Storing and processing data efficiently is an integral part of successful data-driven applications. An efficient and scalable way to store big data is by using object stores of public cloud providers like ABS, S3 or GCS. These storages come with downsides attached which make the management of tabular data distributed over many objects not a trivial task.
Kartothek is a recently open sourced Python library we develop and use at Blue Yonder – JDA Software to manage tabular data in cloud object stores. It is built on Apache Arrow, Apache Parquet and is powered by Dask.

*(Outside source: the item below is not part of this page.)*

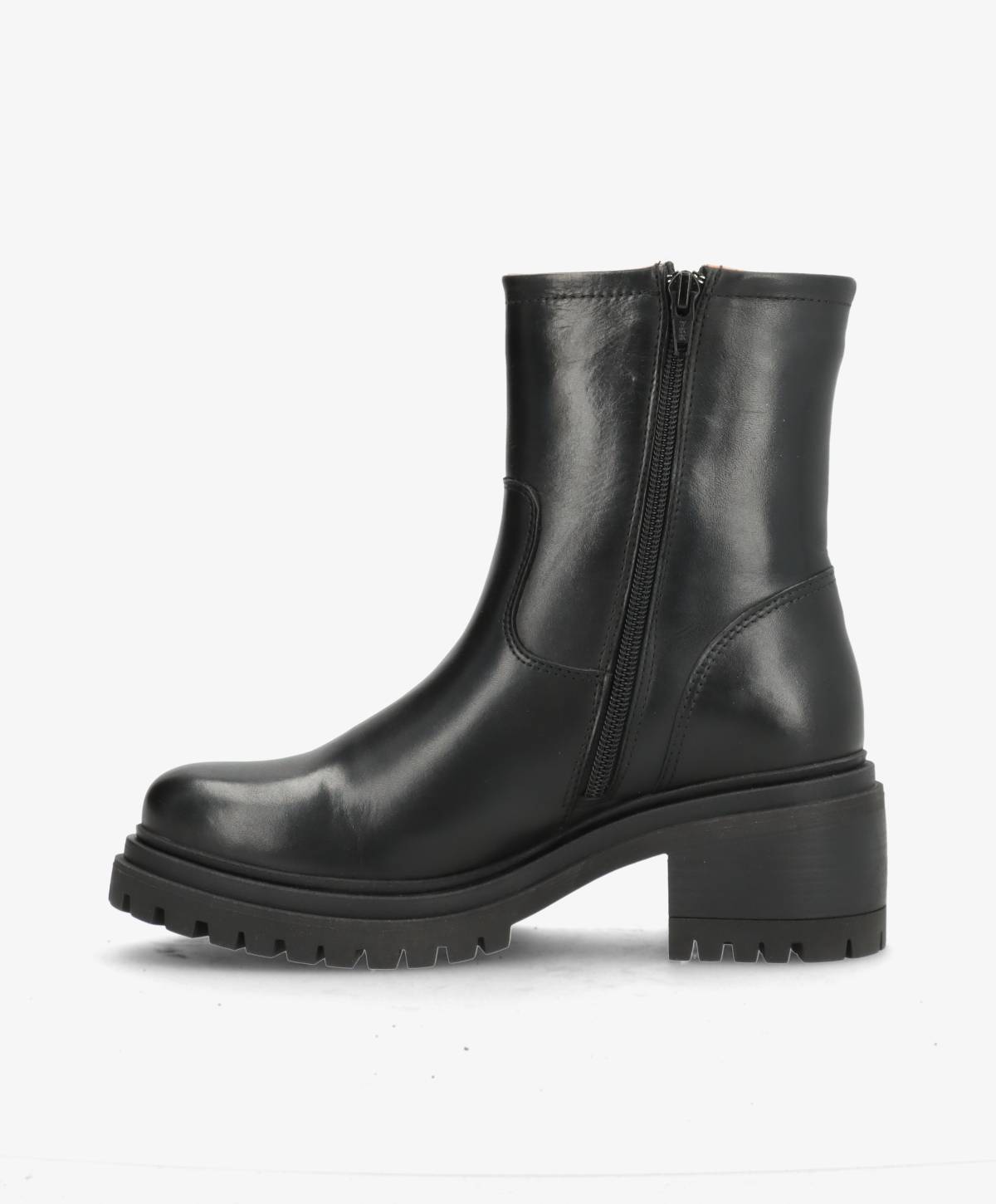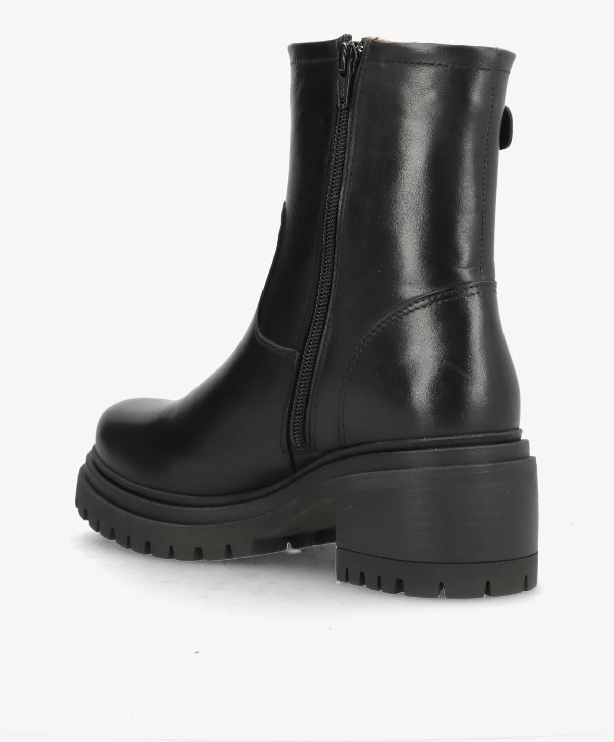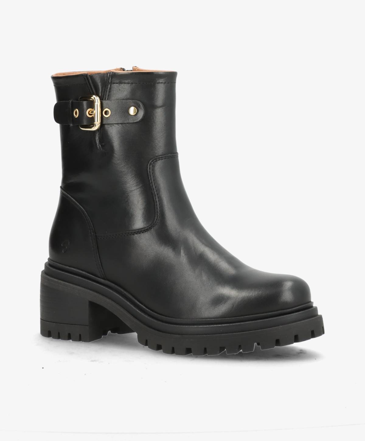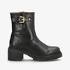 RIVET i sort læder fra shoedesign copenhagen er et par sofistikerede bikerstøvler med et tidløst udtryk. Støvlen er fremstillet i glat, sort læder og detaljeret med en elegant gylden spænde, der tilfører et luksuriøst touch. Den solide blokhæl kombineret med den kraftige gummisål sikrer både komfort og stabilitet, så du kan bære støvlen hele dagen uden at gå på kompromis med stilen.

It’s specification is compatible with the de-facto standard storage layouts used by other big data processing tools like Apache Spark and Hive but offers a native, seamless integration into the Python ecosystem.
What Kartothek offers, includes:
- Consistent dataset state at all times.
- Add or remove files with an atomic operation.

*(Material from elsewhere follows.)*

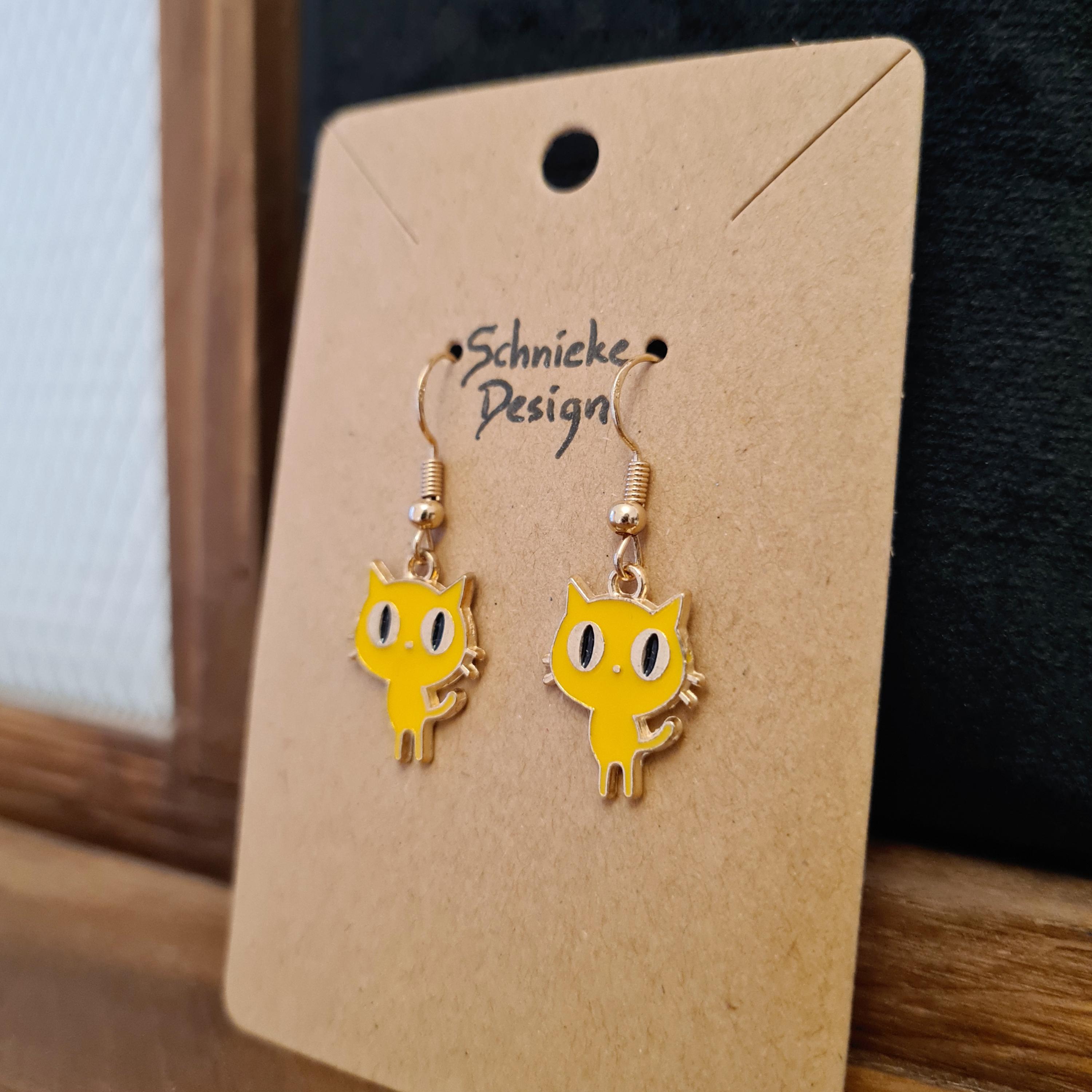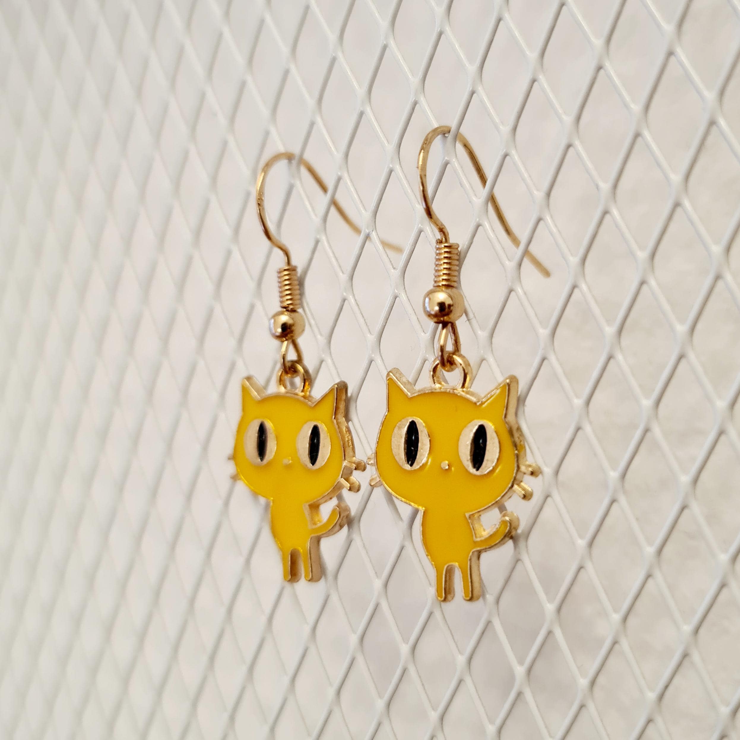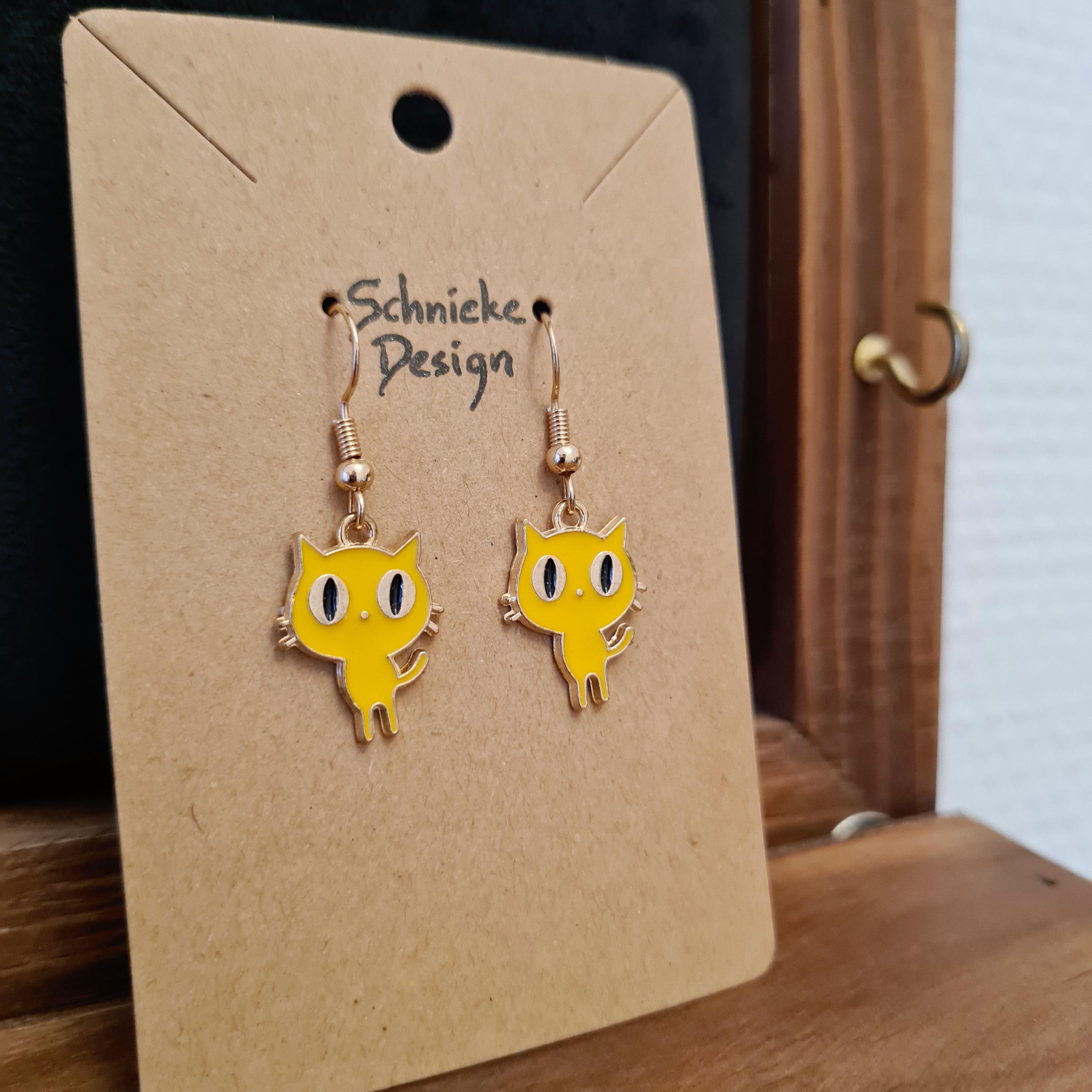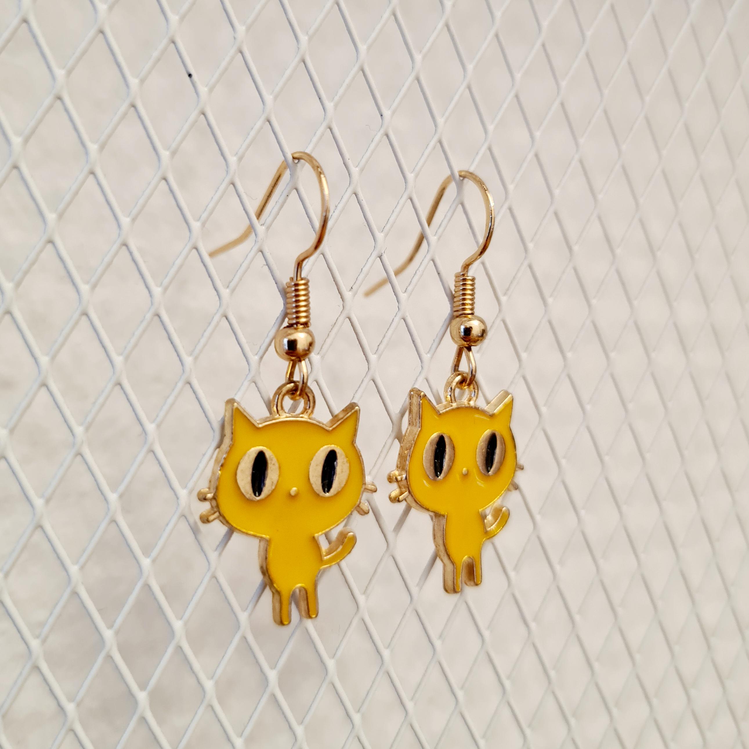 Cat earrings made of enamel and copper. Available in black, yellow, or purple.

- Read without any locking mechanisms.
- Strongly typed and enforced table schemas using Apache Arrow.
O(1)remote storage calls to plan job dispatching.
- Inverted indices for fast and efficient querying.
- Integrated predicate pushdown on row group level using Apache Parquet.
- Seamless integration to pandas, Dask and the Python ecosystem.
At the end of this talk, I want you to leave with the knowledge about what the struggles in modern big data storage are and how to deal with them.
Affiliation: Blue Yonder - JDA Software
Florian Jetter started his career at Blue Yonder – JDA Software by building and running machine learning models. Eventually, he got frustrated by slow and inefficient data pipelines and built libraries and tools to support his fellow Data Scientists and Data Engineers. His focus quickly shifted from machine learning to data engineering and he leverages the knowledge of both worlds to build a reliable data platform.